Он сделал так, как ему было сказано, и вскоре ее вопли перешли в стоны и всхлипывания.
* * *
Леонард Хиллер был полон праведного негодования, как происходило с ним всегда, когда объект отказывался от интервью, – особенно такой объект, который притязал на звание журналиста.
– Что вы имеете в виду, когда говорите – Траск сказал “нет”? Да за кого он себя выдает?

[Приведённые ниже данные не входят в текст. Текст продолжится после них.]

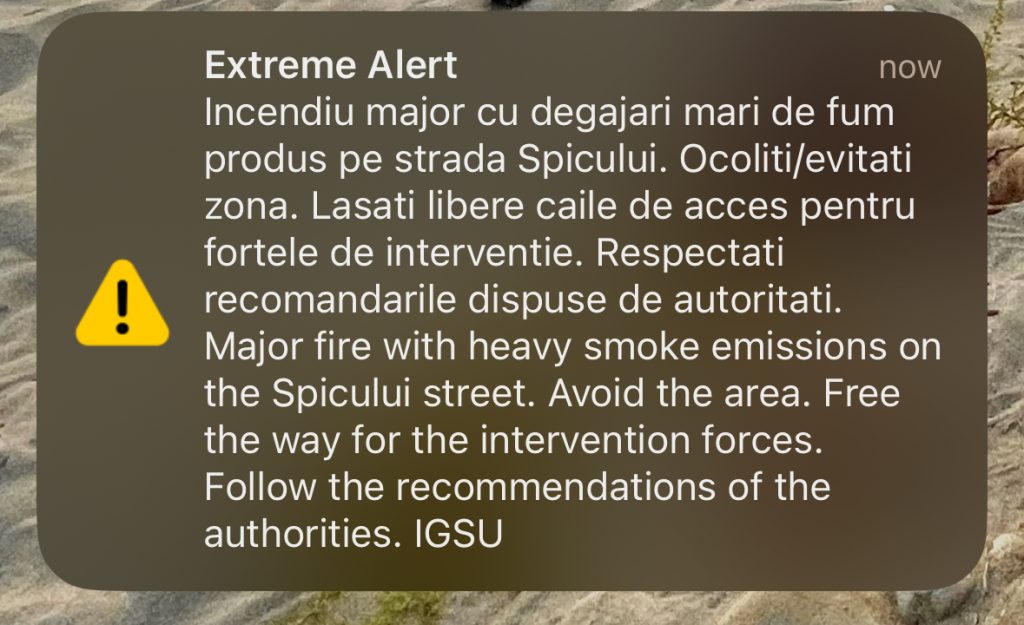 Update: Pentru informarea si avertizarea populatiei din zona a fost remis un mesaj prin sistemul RoAlert

– “Нет” – это именно то слово, которое он произнес, – ответила Дэна, сверяясь со своей записной книжкой. – Он сказал, что наш еженедельник лучше пусть... обосрется, но интервью он не даст. То есть, он сам этого не говорил, это сказал его представитель.
– А вы что ему ответили?
Дэна покраснела.
– Я сказала ему, что – могу поклясться – именно поэтому он и сваливает: его выгнали за то, что он говорит женщинам непристойности.
– Где Траск сейчас?
– В Нассау. Через день-два он уедет. Собирается плыть на острова.
– Сообщите в Майами, чтобы послали туда корреспондента. Я хочу, чтобы он побывал на борту этого судна. Меня не волнует, если ему придется самому нанять корабль и гнаться за Траском. Мне нужно его проинтервьюировать, и я не собираюсь бросать это дело только потому, что он такой застенчивый. Он же отец современных “Новостей”! Он уедет, и для миллионных компаний наступят тяжелые времена. Человек, которому в Америке верят больше, чем кому-либо другому, сам теперь не доверяет телевидению. Двести тридцать миллионов верят каждому его слову, а он внезапно делает вывод, что ему и говорить-то не о чем. Вот это сенсация!
– Сенсация состоит в том, что он не продается. В наши дни это означает, что он стал чуть ли не мессией.
– Если потребуется, корреспондент в Майами может нанять самолет.
Дэна кивнула.
– Опять звонил тот человек из Береговой Охраны.
– Какой человек?”
– Насчет Мейнарда.
– О, Господи...
– Он говорит, что беседовал с летчиком, который перевозил Мейнарда с сыном на какой-то остров. На следующий день они исчезли.
– Я же вам говорю, что он надел парик и сделался аборигеном.
– Проблема в том, что он взял с собой сына.
– И что?
– Его мать звонила в Правление.
– Откуда вы знаете?
– Мне оттуда звонили. Они интересовались, что я знаю об этом деле.
– Если компания решит организовать экспедицию для его поиска с помощью судов и самолетов, то это их дело.
– Они, честно говоря, этого не хотят делать. Бывшая жена Блэра занимается рекламным бизнесом. У нее куча клиентов, которые дают свои объявления в “Тудей”. И во все другие наши бумажки: “ТВ-неделя”, “Здоровье и счастье”, – любые, какие ни назовите.
– Она нам угрожает?!
– Не то чтобы угрожает, но она... скажем, стремится найти своего ребенка. Она уже пыталась и ФБР вовлечь в это дело.
– На каких основаниях?
– Похищение людей.
– Бог ты мой...
– Она собирается ехать его разыскивать, и требует нашей помощи. Я бы не сказала, что я ее за это обвиняю.
– Я ее тоже не обвиняю. Но что я должен делать, по ее мнению?
– Вы говорили о чартерном самолете...
– Да, но... Ладно, – Хиллер вздохнул. – Звоните ей.
Каждый день на заре пинасы покидали бухту, и каждый вечер на заходе солнца они возвращались – пустыми. В отчаянии люди дважды нападали на местные рыболовные суда, топили их и убивали рыбаков, но победы эти были такими никчемными, добыча такой жалкой – несколько бушелей раковин, одна-две дюжины колючих омаров, – что они перестали досаждать местным судам и плавали в другие районы.
Мужчины скучали, становились беспокойными, тосковали по пище более изысканной, чем сушеная рыба и пюре из маниоки. Полдюжины коров еще не отелились, так что говядины было в обрез, а на нескольких оставшихся свиней – тощих и жестких даже в лучшие времена – напала какая-то болезнь, из-за которой глаза у них опухали и не могли открываться, кожа сморщивалась, и они шатались на ногах. В голове у Hay все еще были свежи воспоминания об эпидемии обезвоживающего поноса, так что всю подозрительную пищу он объявлял несъедобной.